::: Records for the task :::

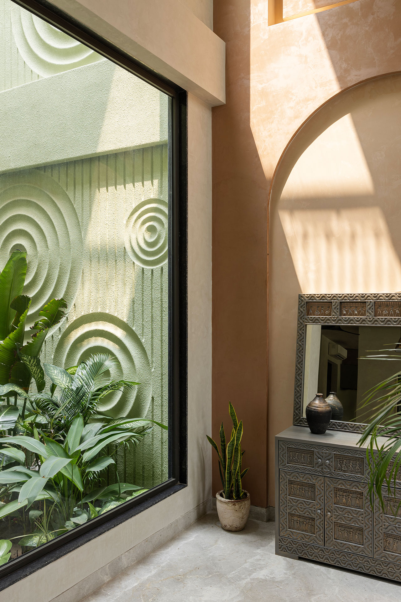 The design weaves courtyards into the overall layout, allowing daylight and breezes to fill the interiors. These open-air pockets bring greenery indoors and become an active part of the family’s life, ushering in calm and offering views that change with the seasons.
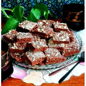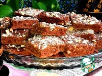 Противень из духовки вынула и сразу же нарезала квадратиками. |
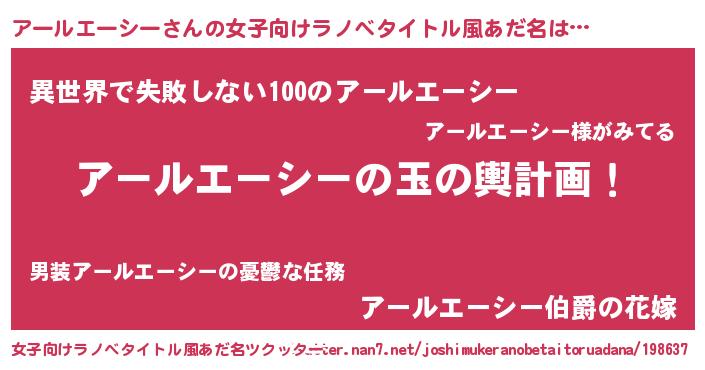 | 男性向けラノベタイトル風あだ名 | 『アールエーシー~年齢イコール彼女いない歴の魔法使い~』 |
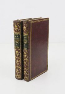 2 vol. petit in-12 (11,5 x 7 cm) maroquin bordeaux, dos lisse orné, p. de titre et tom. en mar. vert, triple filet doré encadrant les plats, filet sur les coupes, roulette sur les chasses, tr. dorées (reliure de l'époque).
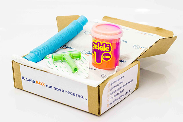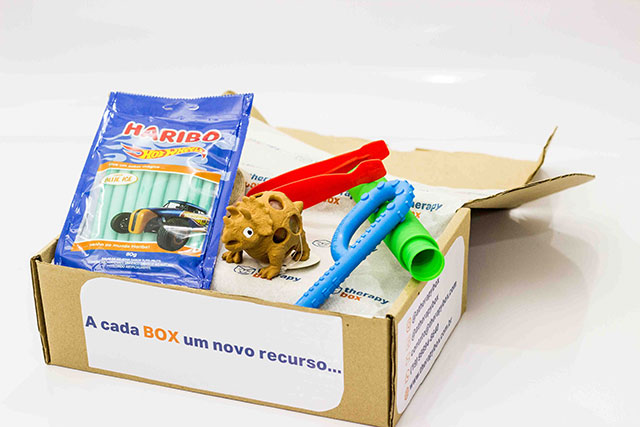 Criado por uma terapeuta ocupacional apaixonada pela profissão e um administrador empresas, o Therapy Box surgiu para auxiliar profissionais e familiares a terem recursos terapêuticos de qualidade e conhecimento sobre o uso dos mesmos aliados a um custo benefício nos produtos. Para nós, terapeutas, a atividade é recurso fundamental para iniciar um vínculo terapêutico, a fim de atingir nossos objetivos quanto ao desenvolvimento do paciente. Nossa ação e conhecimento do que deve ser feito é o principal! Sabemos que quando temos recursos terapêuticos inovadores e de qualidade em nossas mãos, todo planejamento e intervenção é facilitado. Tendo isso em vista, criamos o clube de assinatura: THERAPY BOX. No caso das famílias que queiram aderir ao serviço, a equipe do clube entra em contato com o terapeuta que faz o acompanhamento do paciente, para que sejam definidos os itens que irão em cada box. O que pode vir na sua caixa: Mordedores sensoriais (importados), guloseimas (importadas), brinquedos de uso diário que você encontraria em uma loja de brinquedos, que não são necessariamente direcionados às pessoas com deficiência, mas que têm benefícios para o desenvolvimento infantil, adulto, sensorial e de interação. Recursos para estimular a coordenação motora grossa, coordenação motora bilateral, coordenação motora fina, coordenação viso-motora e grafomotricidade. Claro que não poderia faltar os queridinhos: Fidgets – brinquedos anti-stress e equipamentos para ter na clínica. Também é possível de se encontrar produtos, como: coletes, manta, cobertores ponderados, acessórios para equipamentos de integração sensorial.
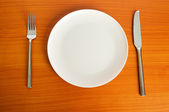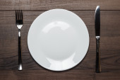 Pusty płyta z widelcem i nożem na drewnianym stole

:::
::: Records for the task :::

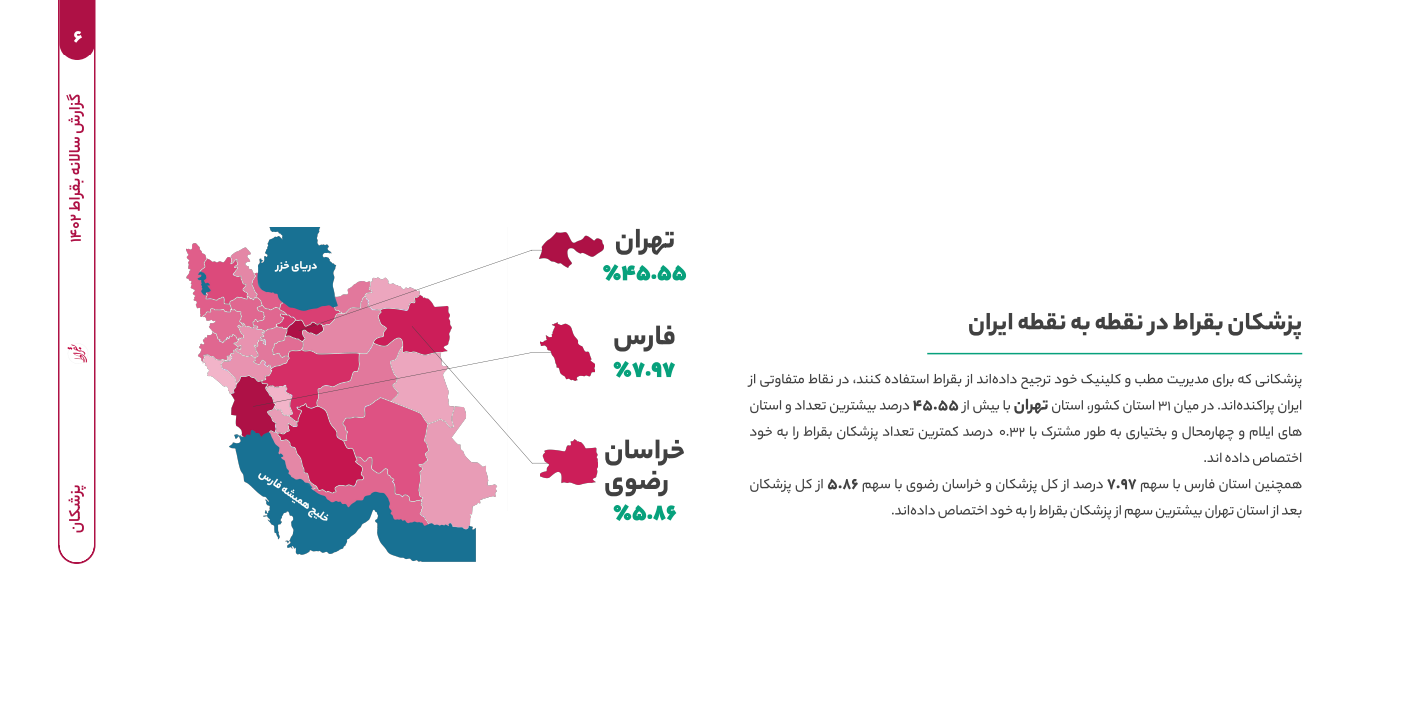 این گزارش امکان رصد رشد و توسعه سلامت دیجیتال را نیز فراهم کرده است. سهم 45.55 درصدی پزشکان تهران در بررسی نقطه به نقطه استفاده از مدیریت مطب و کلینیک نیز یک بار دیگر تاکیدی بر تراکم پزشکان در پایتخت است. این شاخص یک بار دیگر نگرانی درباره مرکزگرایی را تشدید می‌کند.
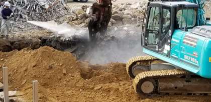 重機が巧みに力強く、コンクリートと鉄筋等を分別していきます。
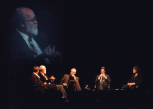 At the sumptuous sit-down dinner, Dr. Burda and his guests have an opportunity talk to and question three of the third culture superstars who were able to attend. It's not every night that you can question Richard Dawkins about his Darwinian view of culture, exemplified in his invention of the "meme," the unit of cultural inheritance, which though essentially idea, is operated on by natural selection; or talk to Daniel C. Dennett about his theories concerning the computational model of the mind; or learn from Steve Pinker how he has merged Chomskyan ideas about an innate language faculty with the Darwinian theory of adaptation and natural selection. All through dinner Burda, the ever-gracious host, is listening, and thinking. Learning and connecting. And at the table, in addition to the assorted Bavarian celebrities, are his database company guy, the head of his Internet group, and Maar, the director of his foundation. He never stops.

:::
::: Records for the task :::

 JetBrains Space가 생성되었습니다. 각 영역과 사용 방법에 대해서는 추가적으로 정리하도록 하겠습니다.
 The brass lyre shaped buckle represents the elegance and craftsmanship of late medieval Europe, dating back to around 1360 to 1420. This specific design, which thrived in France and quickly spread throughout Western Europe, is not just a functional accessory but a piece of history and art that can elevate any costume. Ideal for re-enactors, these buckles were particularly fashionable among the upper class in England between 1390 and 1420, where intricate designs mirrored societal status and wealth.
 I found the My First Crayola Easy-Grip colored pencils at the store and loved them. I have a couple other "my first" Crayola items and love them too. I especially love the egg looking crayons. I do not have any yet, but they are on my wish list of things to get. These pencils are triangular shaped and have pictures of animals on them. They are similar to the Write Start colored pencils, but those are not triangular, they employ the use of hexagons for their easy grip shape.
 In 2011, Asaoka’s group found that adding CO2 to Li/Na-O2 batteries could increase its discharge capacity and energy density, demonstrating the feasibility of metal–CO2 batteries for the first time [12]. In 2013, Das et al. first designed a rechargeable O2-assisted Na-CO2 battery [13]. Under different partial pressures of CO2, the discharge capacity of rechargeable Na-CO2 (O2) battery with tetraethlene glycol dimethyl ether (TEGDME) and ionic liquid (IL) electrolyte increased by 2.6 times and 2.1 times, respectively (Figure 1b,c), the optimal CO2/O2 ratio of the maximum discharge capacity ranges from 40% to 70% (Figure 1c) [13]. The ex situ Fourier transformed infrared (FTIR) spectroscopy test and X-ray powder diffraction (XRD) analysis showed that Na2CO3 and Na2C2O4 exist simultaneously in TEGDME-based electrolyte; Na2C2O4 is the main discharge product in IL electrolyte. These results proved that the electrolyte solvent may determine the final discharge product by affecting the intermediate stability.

:::

Between and including the line with "The design weaves" and the line with "2 vol. petit", repeat every line exactly as it appears above, with pictures left out.

 The design weaves courtyards into the overall layout, allowing daylight and breezes to fill the interiors. These open-air pockets bring greenery indoors and become an active part of the family’s life, ushering in calm and offering views that change with the seasons.
 Противень из духовки вынула и сразу же нарезала квадратиками. |
 | 男性向けラノベタイトル風あだ名 | 『アールエーシー~年齢イコール彼女いない歴の魔法使い~』 |
 2 vol. petit in-12 (11,5 x 7 cm) maroquin bordeaux, dos lisse orné, p. de titre et tom. en mar. vert, triple filet doré encadrant les plats, filet sur les coupes, roulette sur les chasses, tr. dorées (reliure de l'époque).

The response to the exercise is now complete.